Lea hat einen riesen Spaß am radeln. Sie hat eine gute Ausdauer und genießt es wenn es "flotter" voran geht und sie sich so richtig bewegen kann. Obwohl sie ausdauernd und gut bemuskelt ist, nenne ich sie liebevoll die Bummelbahn, da sie nicht schnell ist. Wir radeln nunmal gemütlich und lassen die Jogger überholen. Solange uns keine Nordic Walker überholen ist das auch kein Problem. Trotz der Gemütlichkeit haben wir aber auch Rennstrecken. Hier geht es dann richtig ab, und Lea zeigt wie sehr ein Berner fetzen kann! Das sind gut und gerne mal 300 Meter, auf denen Lea mich regelrecht abhängt. Das macht ihr richtig Spaß, doch lässt sie auch auf Entfernung ihr Tempo per Stimmkomando kontrollieren, sodass ich sie rechtzeitig bremsen kann, sollte etwas sein. Natürlich radelns wir nur wenn es kühl ist, um eine Überhitzung vorzubeugen. Im Sommer verzichten wir ganz darauf, dafür macht es im Herbst umso mehr Spaß!

Wenn wir regelmäßig radeln läuft Lea gut und gerne eine Stunde am Rad, doch dafür brauchen wir regelmäßiges Training.

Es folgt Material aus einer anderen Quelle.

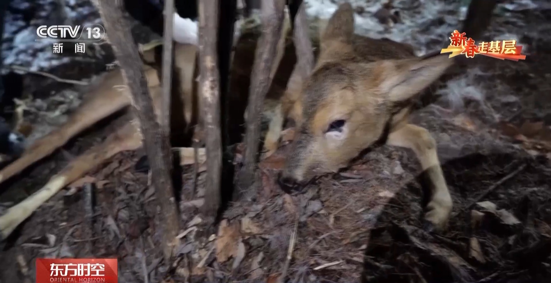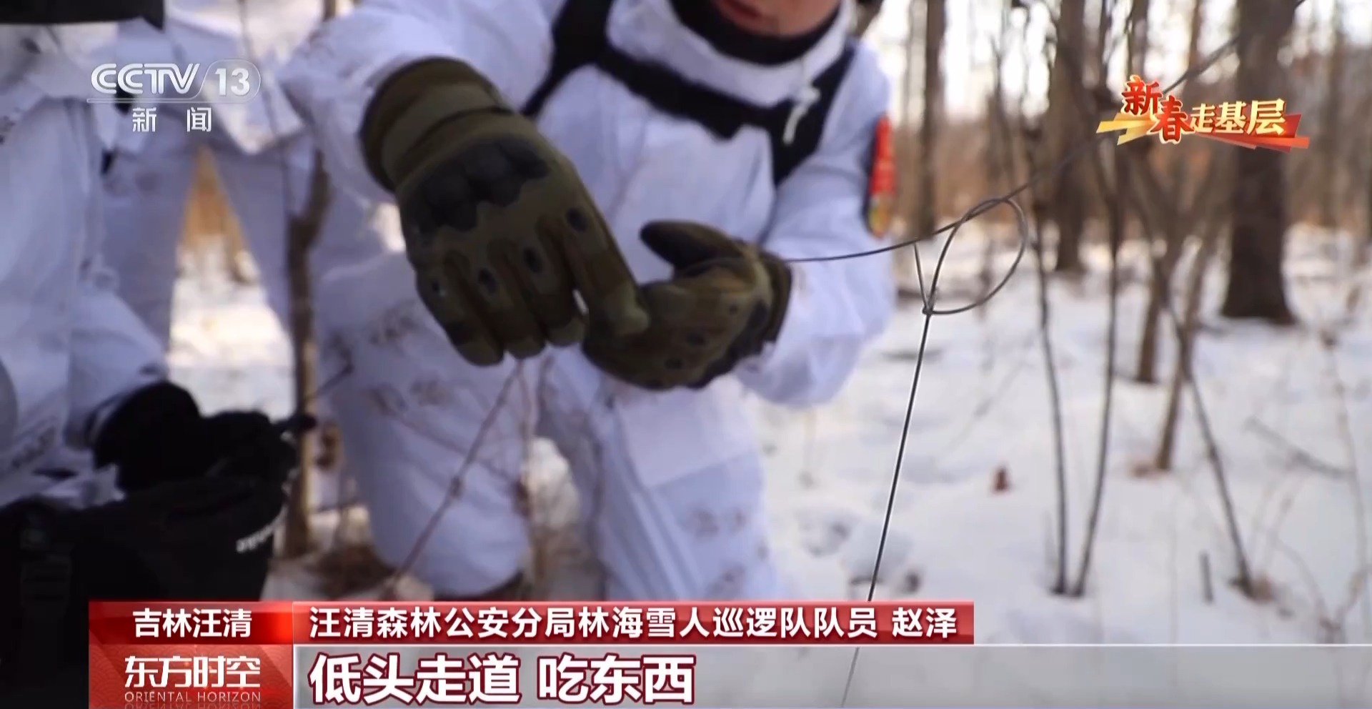 汪清森林公安分局林海雪人巡逻队队员赵泽:狍子在觅食的过程中,低头走路吃东西,头一伸进去之后,就往前或者往左右一拽。头、脖子就被勒住了。
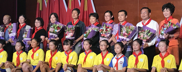 董蓓副校长参与表彰大会,各校校领导与献花小学生代表合影
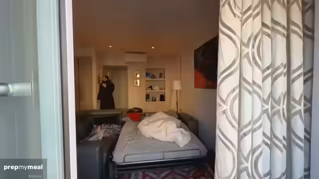 00:02:49Der Stream startet mit chaotischen Szenen im Hotelzimmer, in dem die Streamer offenbar versuchen, Bananen durch eine Luke zu schieben. Es kommt zu Missverständnissen und technischen Verwirrungen. Der Streamer berichtet von einem Burger, den er in eine bodenlose Öffnung schoben, und zeigt sich über die Reaktion des Chats überrascht. Er erwähnt die Ankunft in Trieste, den Kauf von Orangen für Saft und begrüßt die Zuschauer, während er auf den Start des Tagesprogramms wartet.

Auch fahre ich lieber kürzere Strecken da ich eine Überforderung vorbeuge, die Gelenke schone und Lea dadurch das laufen am Rad nicht verleide. Somit bleibt uns der Spaß am radeln erhalten und ich habe eine super Möglichkeit Leas Bewegungsdrang nachzukommen und ihr ein schönes Ausdauer- und Muskeltraining zu bieten.